11. Les enquêteurs du BSCI ont relevé qu’à la
question du pourquoi des transferts du compte de Mme Olympio à celui
de son épouse, Maître Dégli a été très évasif,
semblant suggérer que l’argent ne faisait qu’y
transiter avant d’être remis à Mme Olympio,
une fois qu’il la voyait à Paris. Les enquêteurs
ont alors montré à Maître Dégli un
chèque de 32 000 dollars US tiré sur le compte
de Mme Olympio et libellé à l’ordre de son épouse,
le 7 avril 2003. Les enquêteurs lui ont fait observer qu’à cette
date Mme Olympio était bien présente à Arusha.

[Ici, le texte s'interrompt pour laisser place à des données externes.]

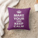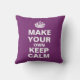 A throw pillow template in the style of Keep Calm and Carry On. The placeholder text states Make Your Own Keep Calm. Just edit the text in the boxes to the right of the picture and you can change the message to say anything you want. You're no longer limited to what you can find in the marketplace - your imagination is the only limit! Shown in purple the color can be customized by pressing 'Customize Further' > Edit > Background.
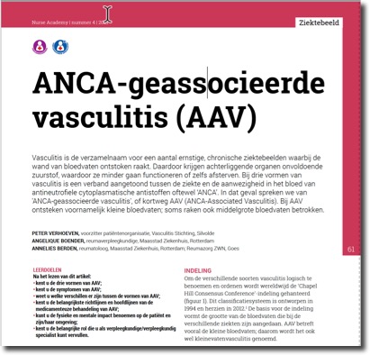 Dit artikel in Nurse Academy is een initiatief van de Vasculitis Stichting en speciaal geschreven om verpleegkundigen via een van hun eigen vakbladen uitgebreid te informeren over ANCA-vasculitis (GPA, MPA en EGPA)
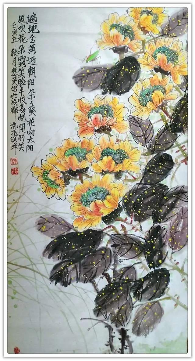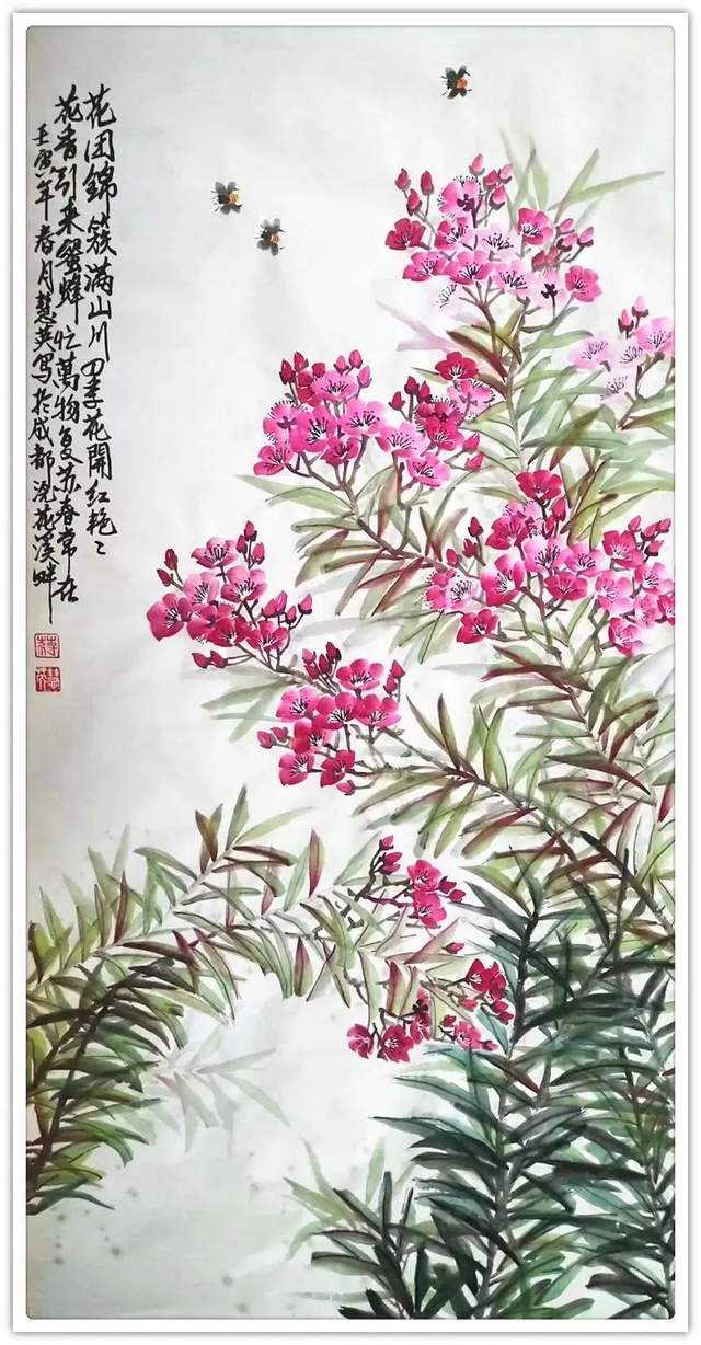 在当代画坛,中国画的画法有点儿乱糟糟的现象,一些人士画画有“乱涂乱抹”的习气,结果画出来的东西粗头乱服,不显雅观,没有赏心悦目的艺术属性。现在你去看蒋慧英女士的所有作品,都相当注意用心营造唯美的气氛,落笔定位准确,笔笔相生,笔笔到位,比如《花团锦簇满山川》这样的作品,既是执笔在手,运笔在心,心有竹成的塑造过程,所以画质天然,遂心应手。
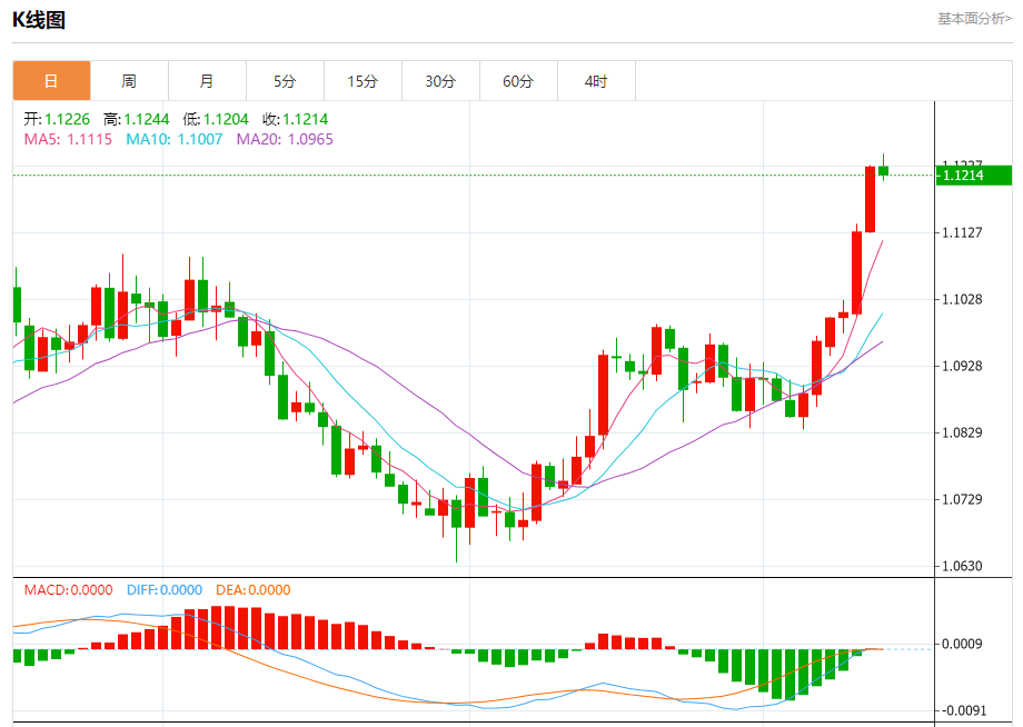 周五盘中,欧元/美元报1.1216,跌幅0.10%。
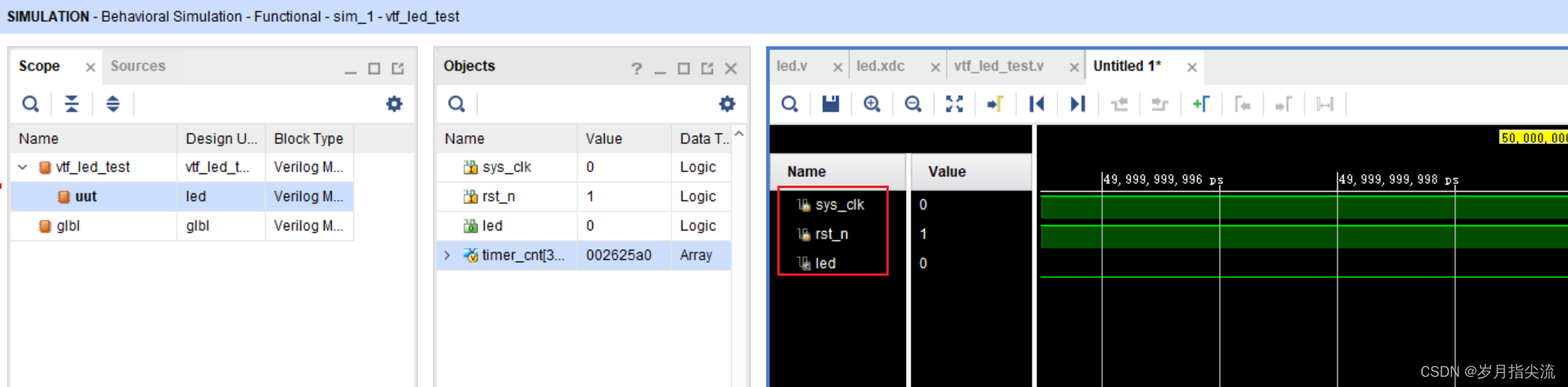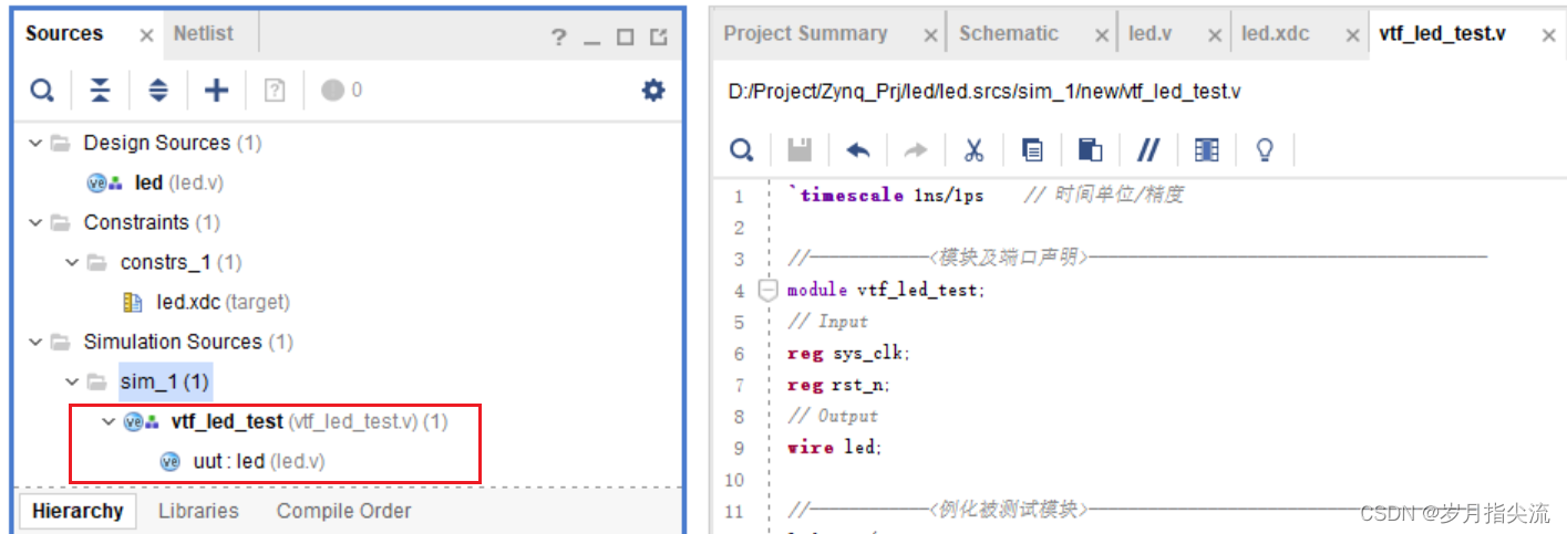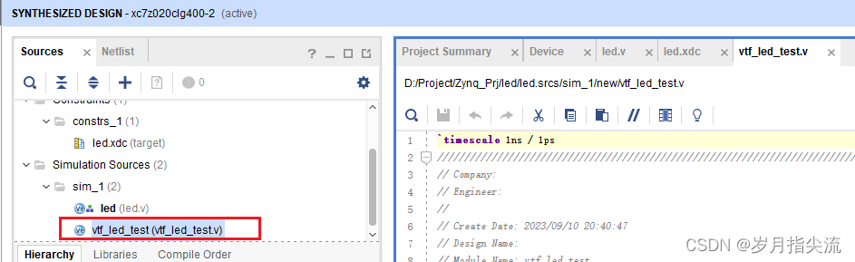 4、在 Simulation Sources 下面可以看到我们创建的 vtf_led_test.v 文件
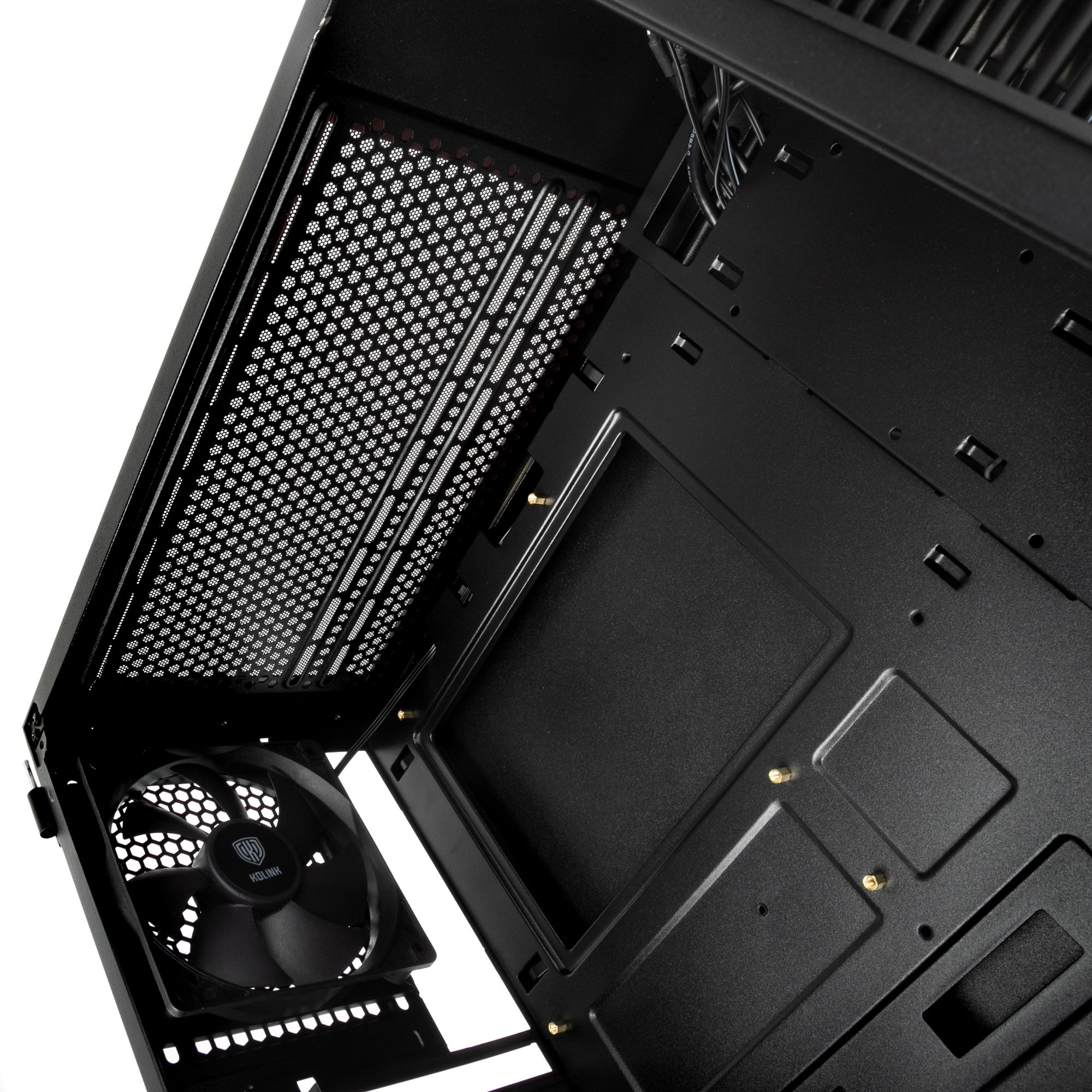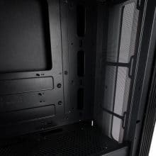 Im Inneren bietet das Castle etwas mehr Platz für Grafikkarten, als das Nimbus, nämlich 350 mm. Auch hier lassen sich Mainboards im Formfaktor Mini-ITX, mATX und ATX einbauen. CPU-Kühler haben hier ebenfalls Platz für eine Größe von 160 mm. Anstatt einem, bringt das Castle gleich zwei vorinstallierte 120 mm Lüfter mit und es können bis zu vier weitere Lüfter hinzugefügt werden. Magnetische Staubfilter gibt es auf der Unterseite und im Deckel. Auch hier findet sich eine Netzteilabdeckung sowie jeweils einen Radiator-Mount in der Front und im Deckel für Radiatoren bis zu 240 mm.
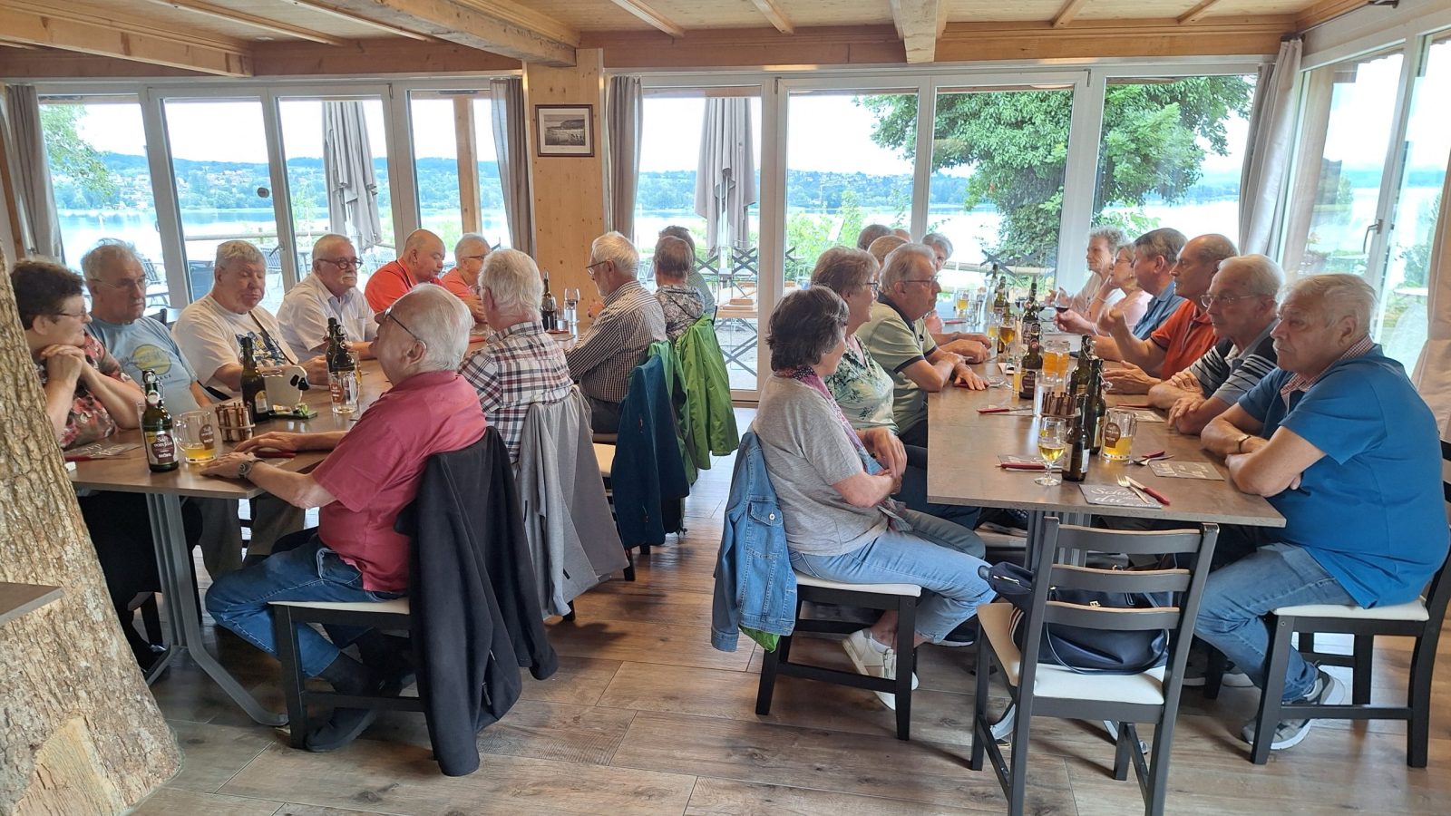 Das Wetter war an diesem Mittag eher durchzogen, sodass die Vereinigung im Innenteil des Restaurants Platz nehmen durfte. Nach einem gut mundenden Mittagessen begrüsste Obmann Heinz Bommer die illustre Gesellschaft. Er freute sich über das zahlreiche Erscheinen und wies auf den Tagesausflug im August hin, wo es von Frauenfeld über Heidegg nach Beinwil geht mit anschliessender Schifffahrt auf dem Hallwilersee. Anschliessend haben Alfons an der Handorgel und am Schwyzerörgeli und Fritz an der Tuba für die nötige Unterhaltung gesorgt. Einmal mehr ein gelungener und unterhaltsamer Anlass. ■ (Tolle Beteiligung am traditionellen Anlass im Restaurant Jochental.) (Bild: Alfons Eigenmann)
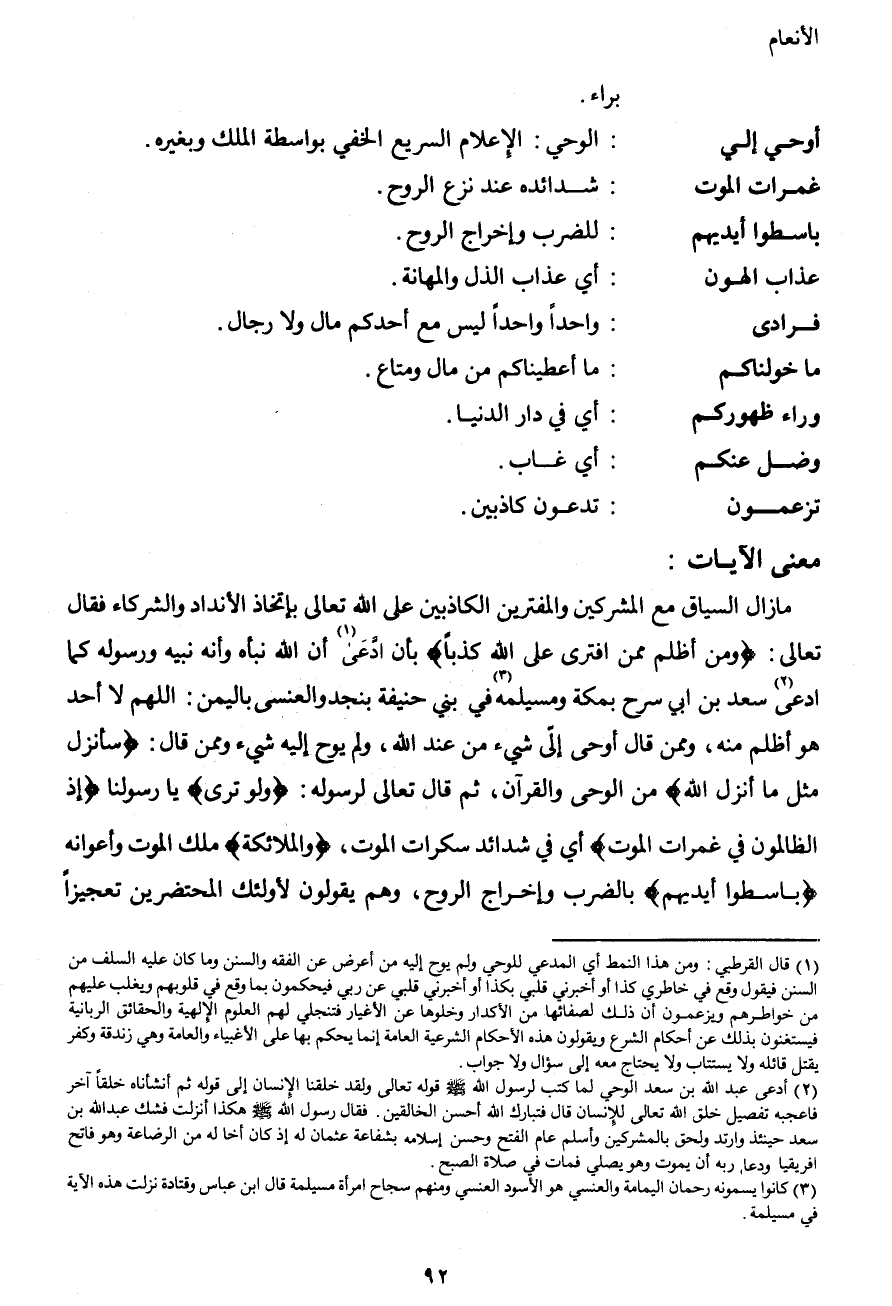 مازال السياق مع المشركين والمفترين الكاذبين على الله تعالى بإتخاذ الأنداد والشركاء فقال تعالى: {ومن أظلم ممن افترى على الله كذباً} بأن أدَّعى1 أن الله نبأه وأنه نبيه ورسوله كما ادعى سعد2 بن أبي سرح بمكة ومسيلمة3 في بني حنيفة بنجد والعنسى باليمن: اللهم لا أحد هو أظلم منه، وممن قال أوحى إلىّ شيء من عند الله، ولم يوح إليه شيء وممن قال: {سأنزل مثل ما أنزل الله} من الوحي والقرآن، ثم قال تعالى لرسوله: {ولو نرى} يا رسولنا {إذ الظالمون في غمرات الموت} أي في شدائد سكرات الموت، {والملائكة} ملك الموت وأعوانه {باسطوا أيديهم} بالضرب وإخراج الروح، وهم يقولون لأولئك المحتضرين تعجيزاً
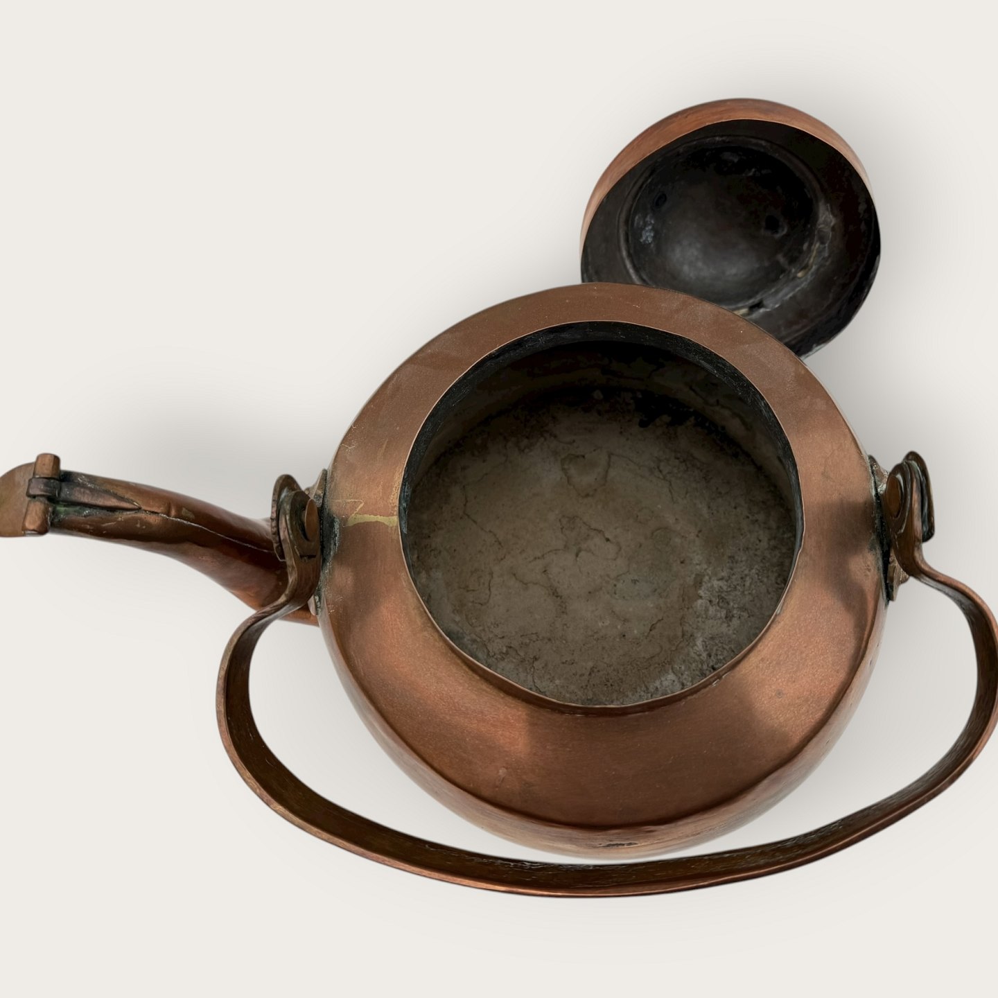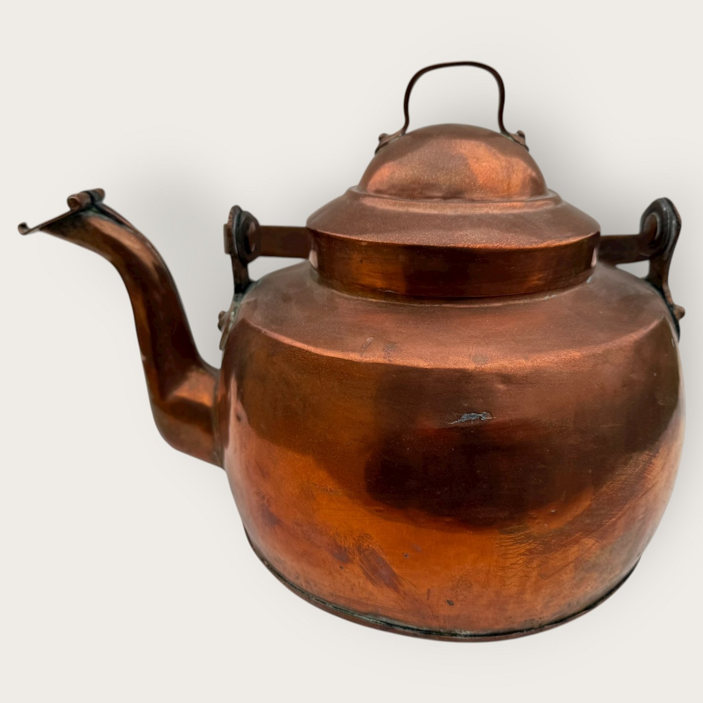 Beautiful old copper kettle, 35cm wide, 23cm high *Nice with age-related signs of wear*

Maître Dégli a alors prétendu que ce montant
représentait le remboursement exceptionnel d’une
dette de Mme Olympio à son égard. Il n’a
pas pu fournir aux enquêteurs une justification de la dite
dette. Les enquêteurs lui ont présenté cinq
chèques d’un montant total de 119 265, 63 dollars
US tirés sur le compte de Mme Olympio entre avril 2002
et avril 2003. A quoi il a répondu qu’il s’agissait
de dettes dont il n’avait cependant gardé aucune
justification matérielle de la cause.
12. Maître Dégli a indiqué aux enquêteurs
qu’il n’a été informé de ce
que Mme Olympio avait usurpé le titre d’avocat que
le 20 avril 2003 quand il s’est rendu au Barreau de Paris
pour s’informer à propos de l’assurance responsabilité professionnelle,
relativement à deux affaires mal gérées
par Mme Olympio. Cette dernière a réitéré ses
aveux d’usurpation de titre le 26 avril 2003 devant un
témoin dénommé d’Almeida (un parent
de son épouse). Les enquêteurs ont rappelé à Maître
Dégli que dans la demande écrite du 4 novembre
1997 qu’il avait envoyée au Tribunal pour la désignation
de Mme Olympio comme assistante, il avait indiqué qu’elle
travaillait dans son cabinet et qu’il connaissait bien
ses méthodes de travail. Or dans le CV de Mme Olympio
qu’il a présenté pour sa désignation
comme co-conseil, cette mention avait changé. Mme Olympio
y apparaissait comme ayant travaillé au cabinet Campbell & Labruinie
de mars 1996 à mai 1999. Maître Dégli leur
a répondu qu’il ne s’était pas rendu
compte du changement. Interpellé par les enquêteurs à propos
des vérifications qu’il aurait dû faire au
Barreau de Paris avant d’engager Mme Olympio, Maître
Dégli a répondu qu’il n’a jamais procédé à ces
vérifications. Il a dit aussi aux enquêteurs ne
pas s’être rendu compte de la différence criarde
entre la signature au bas de l’attestation prétendument
fournie par le Barreau de Paris à Mme Olympio et celle
sur son attestation personnelle, pourtant censée émaner
de la même personne, M. Loup Monnot de Angles.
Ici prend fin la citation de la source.